* “I am pretty certain I had no involvement,” Sykes said
* Sykes says he did not work in M&A department at time of deal
* Dragon founders seeking hundreds of millions in damages
By Scott Malone
BOSTON, Dec 14 (Reuters) - The head of Goldman Sachs Group Inc’s mergers and acquisition business denied that he had any role in the 2000 sale of voice recognition software company Dragon Systems to a buyer that collapsed soon afterward.
Dragon’s founders have sued Goldman, accusing the Wall Street bank of failing them by advising them to pursue the $580 million all-stock sale to Lernout & Haupsie shortly before the Belgian software company went bankrupt in an accounting scandal.
Gene Sykes, who has spent his entire banking career at Goldman and now runs its M&A business, denied in video testimony played in U.S. District Court in Boston on Friday that he had worked on that deal.
“I am pretty certain I had no involvement, but I also was involved in many transactions and had a lot of people involved in a lot of transactions,” Sykes said in a video deposition recorded in December 2011.
While Sykes has spent most of his career in Goldman’s M&A operation, during the time of the Dragon deal, he was working at its principal investment area, the department that invests the company’s own money.
Janet and James Baker, who founded Dragon and owned 51 percent of it, said they had lost their life’s work after they sold the company. They had only sold a few million dollars worth of the stock they had received before L&H’s collapse wiped out the value of their remaining shares.

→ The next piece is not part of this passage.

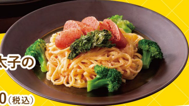
まるごと炙り明太子のクリームパスタ 1,080(税込)

The Bakers and two other early Dragon employees have sued Goldman for several hundred million dollars.
Goldman lawyers have argued that the Bakers hired the bank to structure a deal with L&H, not to investigate it for accounting fraud. They have said that Goldman advised Dragon to hire an accountant to analyze the buyer’s stability.
Goldman denied civil claims that include gross negligence and breach of fiduciary duty. The jury trial, which began on Monday, is expected to last two months.
The deal, and L&H’s collapse, came around the end of the technology stock bubble of the late 1990s, a time when investors had been eagerly chasing new and sometimes poorly managed Internet companies.
Sykes, who today has a seat on Goldman’s powerful 28-member management committee, said he had been unaware of the specifics of L&H’s collapse prior to being called to testify.
“I can’t recall that I ever became aware of it independently of hearing that I was going to be deposed in this case,” Sykes said, adding that he knew the name was “a newsworthy item at some point years ago” but had not recalled specifics.
Dressed in a tie and white shirt, with his jacket over the back of his chair, Sykes said his role was to advise clients and negotiate deals, but that clients make their own decisions.
“I make sure I try to give them the right advice so that they can make good decisions about the various options they have,” Sykes said.
One of the four Goldman bankers who advised Dragon on the deal said in early court testimony that he had reported to Sykes.
Goldman’s reputation has been tarnished in recent years by allegations that the company has treated clients shabbily. Earlier this year, one executive leaving the bank published a resignation letter calling the bank a “toxic” place where managing directors referred to their clients as “muppets.”
The bank has said that employee performed poorly and left after demanding a raise and promotion that he was denied.
Nuance Communications Inc now owns the Dragon software.